Você está na página 1de 6

A.

PEMBINAAN KELUARGA SEJAHTERA DALAM ASPEK PENDIDIKAN, SOSIAL, BUDAYA, DAN EKONOMI Pembangunan keluarga sejahtera diarahkan kepada terwujudnya kehidupan keluarga sebagai wahana persemaian nilai-nilai agama dan nilai-nilai luhur budaya bangsa guna meningkatkan kesejahteraan keluarga dan membina ketahanan keluarga agar mampu mendukung kegiatan pembangunan. Perlu ditumbuh-kembangkan kesadaran masyarakat akan pentingnya norma keluarga kecil bahagia dan sejahtera yang dilandasi oleh rasa tanggung jawab, kesukarelaan, nilai-nilai agama, dan nilai-nilai luhur budaya bangsa. Gerakan keluarga berencana nasional sebagai salah satu kegiatan pokok dalam upaya mencapai keluarga sejahtera diarahkan untuk mengendalikan laju pertumbuhan penduduk dengan cara penurunan angka kelahiran untuk mencapai keseimbangan antara pertumbuhan penduduk dan pertumbuhan ekonomi sehingga terwujud peningkatan kesejahteraan keluarga. Gerakan keluarga berencana diupayakan agar makin membudaya dan makin mandiri melalui penyelenggaraan penyuluhan keluarga berencana, disertai dengan peningkatan kualitas dan kemudahan pelayanan dengan tetap memperhatikan kesehatan peserta keluarga berencana dan tidak bertentangan dengan nilai-nilai agama, moral, etik, dan sosial budaya masyarakat, sehingga norma keluarga kecil bahagia dan sejahtera dihayati dan dilaksanakan oleh semua lapisan masyarakat dengan penuh kesadaran dan bertanggung jawab. Peran serta pemuka agama, pemuka masyarakat, organisasi dan lembaga masyarakat lebih ditingkatkan melalui upaya penerangan, bimbingan, dan penyuluhan yang menjangkau seluruh lapisan masyarakat terutama generasi muda agar gerakan keluarga kecil bahagia dan sejahtera makin memasyarakat dan membudaya di seluruh tanah air.

ASPEK AGAMA Agama memiliki peran penting dalam membina keluarga sejahtera.

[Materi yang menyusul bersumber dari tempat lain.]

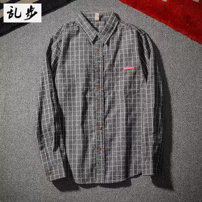 Japanese tide brand literature and Art College retro brushed shirt Korean version slim plaid men and women couples autumn long-sleeved shirt
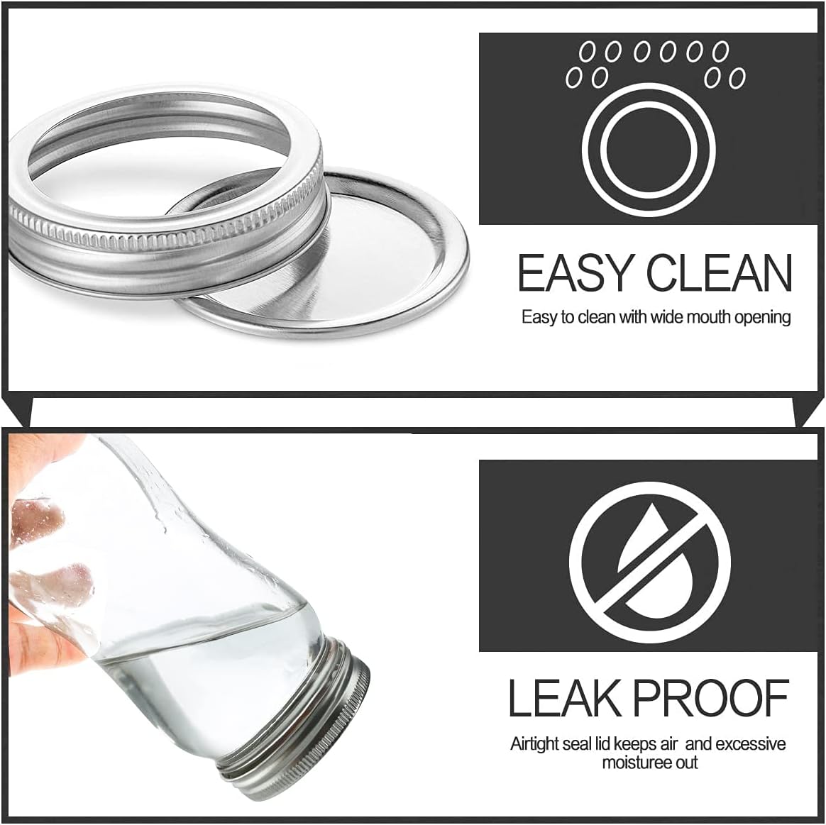 - Airtight Seal -- Our screw-on airtight lid with band is ease of use and storage security in mind; Prevent leaks and keep food fresh while still being easy to open and close. Ideal for Smoothies, juices, syrups, soups, teas, parfaits, and salads.
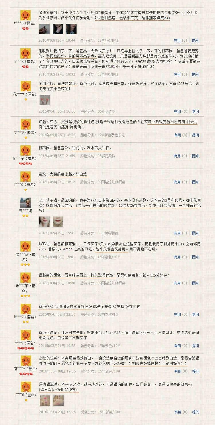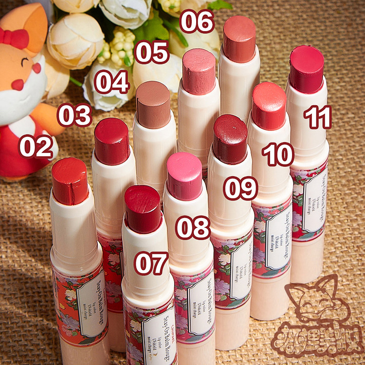 我几乎每个颜色都收了一只呀,啊啊啊啊啊啊,因为实在太好用了,之前一直喜欢收集各种颜色的口红,但是每次都需要再搭配一只保湿润唇膏,因为口红总是很干,涂上就会显唇纹且起皮,自从有了这款口红,我算是找到真爱了,就这么一只,保湿+颜色全部解决。送了老妈一只,她也是爱不释手的,毕竟带颜色的口红干是通病呀,canmake的这个唇膏真的是炒鸡美好,真的很润很保湿,而且一天下来都是润润的,显得嘴巴很健康!竟然这货还有防晒系数,spf15虽然不高,但是在唇膏界也是足够用了,紫外线会让我们的唇部色素沉淀,唇部变深,所以有多少妹子其实都没有注重过唇部的防晒,canmake很贴心有木有?! 颜色选择:(没有的色号都是停产咯) 02# 甜蜜橙: 亮麗時尚橙調 03# 自然樱桃红:可以讓膚色變得美麗 05# 樱花柔粉NEW :柔美可人,软妹子无辜妆推荐 06# 奶油杏色NEW:轻松百搭,不挑妆容,比较有气色的裸妆感 08# 马卡龙玫红 09# 性感的姨妈色 10# 15年新色隆重登场,期待妹子们提供真人秀! 11# 15秋冬新色,梅子色是今年很流行的复古色哦~擦上去气场满满! 12# 16年新色,覆盘子红涂上去充满了春天的气息,神采飞扬!
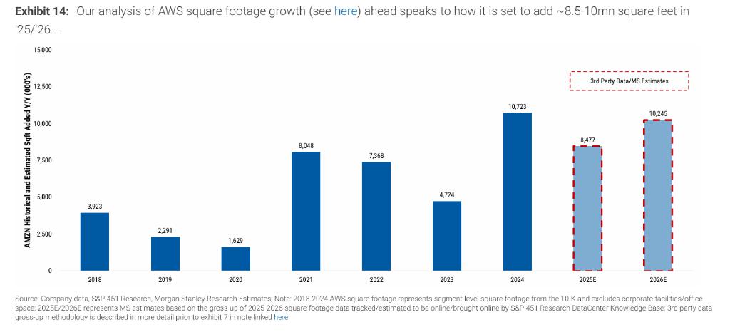 对于 AWS,报告分析了其数据中心建设步伐,预计 2025 年和 2026 年将新增大量数据中心面积,这为 2026 年实现 20% 以上的收入增长提供了物理基础,高于该行目前 19% 的基础预测。
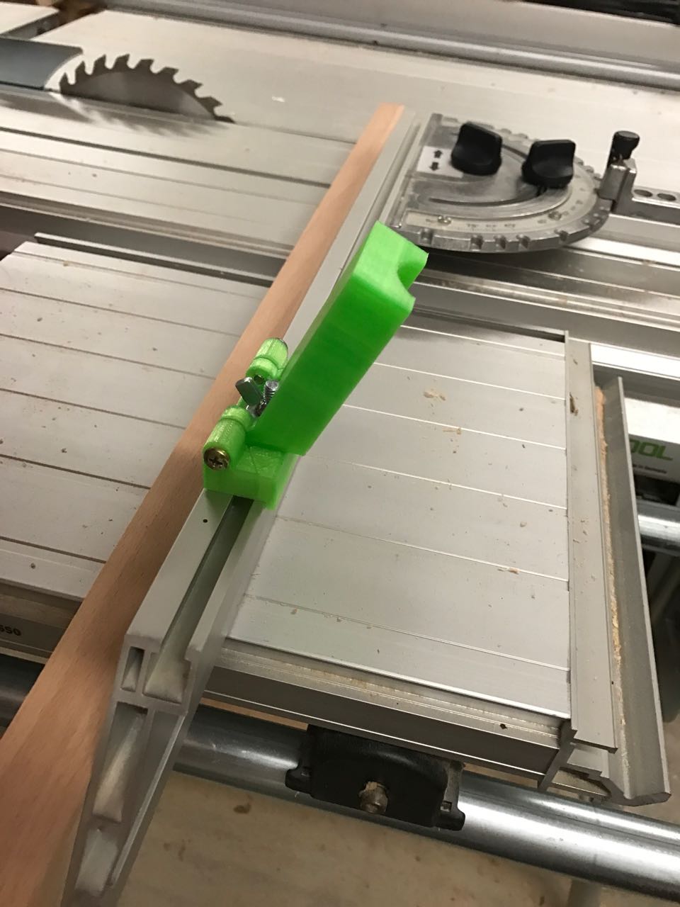 Dieser Reiter passt übrigens auch auf den Anschlag des Festool MFT Tisches und ebenso bei einigen der Kappex-Sägen.

Agama yang merupakan jawaban dan penyelesaian terhadap fungsi kehidupan manusia adalah ajaran atau system yang mengatur tata keimanan (kepercayaan) dan peribadatan kepada Tuhan Yang Maha Esa serta tata kaidah yang berhubungan dengan pergaulan manusia dan manusia serta lingkungannya. Oleh karena itu, sebuah keluarga haruslah memiliki dan berpegang pada suatu agama yang diyakininya agar pembinaan keluarga sejahtera dapat terwujud sejalan dengan apa yang diajarkan oleh agama. Dalam Islam terdapat konsep keluarga sakinah yakni keluarga yang tenteram di mana suami-istri dituntut menciptakan kehidupan rumah tangga yang harmoni antara kebutuhan fisik dan psikis. Yang dimaksud psikis adalah menjadikan keluarga sebagai basis pendidikan sekaligus penghayatan agama anggota keluarga. Kesakinahan merupakan kebutuhan setiap manusia. Karena keluarga sakinah yang berarti: keluarga yang terbentuk dari pasangan suami istri yang diawali dengan memilih pasangan yang baik, kemudian menerapkan nilai-nilai Islam dalam melakukan hak dan kewajiban rumah tangga serta mendidik anak dalam suasana mawaddah warahmah.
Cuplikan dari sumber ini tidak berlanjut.